Um...the rest of yesterday. Well, there was a great deal of work, and a benchmark was reached, though an infinity of benchmarks lie before me. But when you're working with No Such Agency, there's only so much that can be said, and I've said too much already. The truth is out there, and it's coming soon.
I have this stuck in my head, going round and round:
And it came to me then that every plan
Is a tiny prayer to Father Time. — Death Cab for Cutie, "What Sarah Said"
Maybe by putting it here, and causing other people to read it, I'll let it go. For now.
Nothing else much to yesterday. Leftover meatloaf. Too much RIFT (in silent moments, the futility and vapidness of MMORPGs weighs heavily on me, the whole issue of time displacement, what I could be doing with my life instead).

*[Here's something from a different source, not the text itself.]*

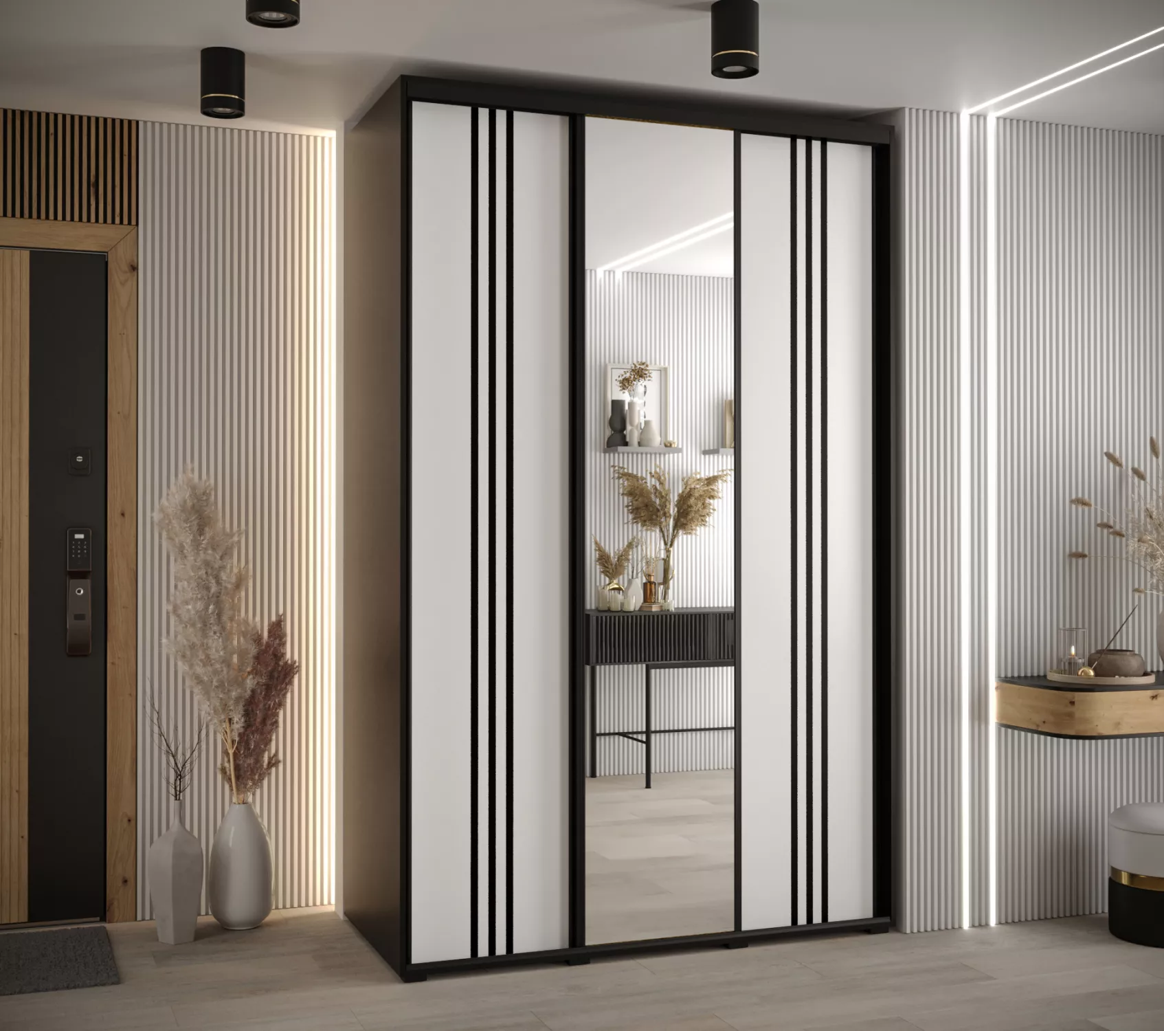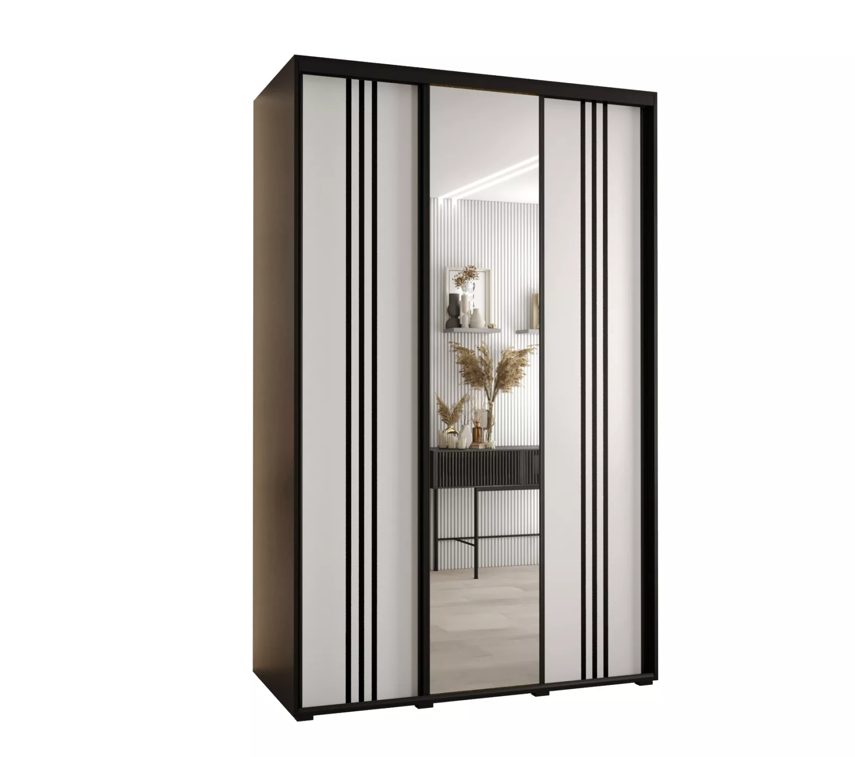 Šatní skříň YVONA 7 - 160/60 cm, černá / bílá / černá

We watched the second episode of American Horror Story, which I'm on the fence about. There's an interesting trick that's trying to be turned here, straddling a fine line between utter camp and halfhearted sincerity. I'm still trying to decide if the show is very good, mediocre, or actually quite awful. Mostly, I think producers somewhere are hoping to capitalize on the impending release of Tim Burton's film version of Dark Shadows by whipping up this hodgepodge of the supernatural. I do like Tate (as played by Evan Peters), and there was a good scene last night, when Violet is talking to her new "friend," that former-mean-girl-turned-witness-to-true-e
We watched more Mad Men, which is excellent, no fence straddling required. We read more of Wildwood, which is delightful in that way that the truly good books we read as children are delightful. It makes me wistful in a good way.
Oh, and I'm regretting having bought the iPad. It's fair astounding, sure, this device. And I need it for work, because the world is going All Digital. But I sort of hate it. And can't help thinking about the infinitude of better ways the money could have been spent, and how easy it would be to let this Thing devour more of my life.
And now I'm going to sit in a corner.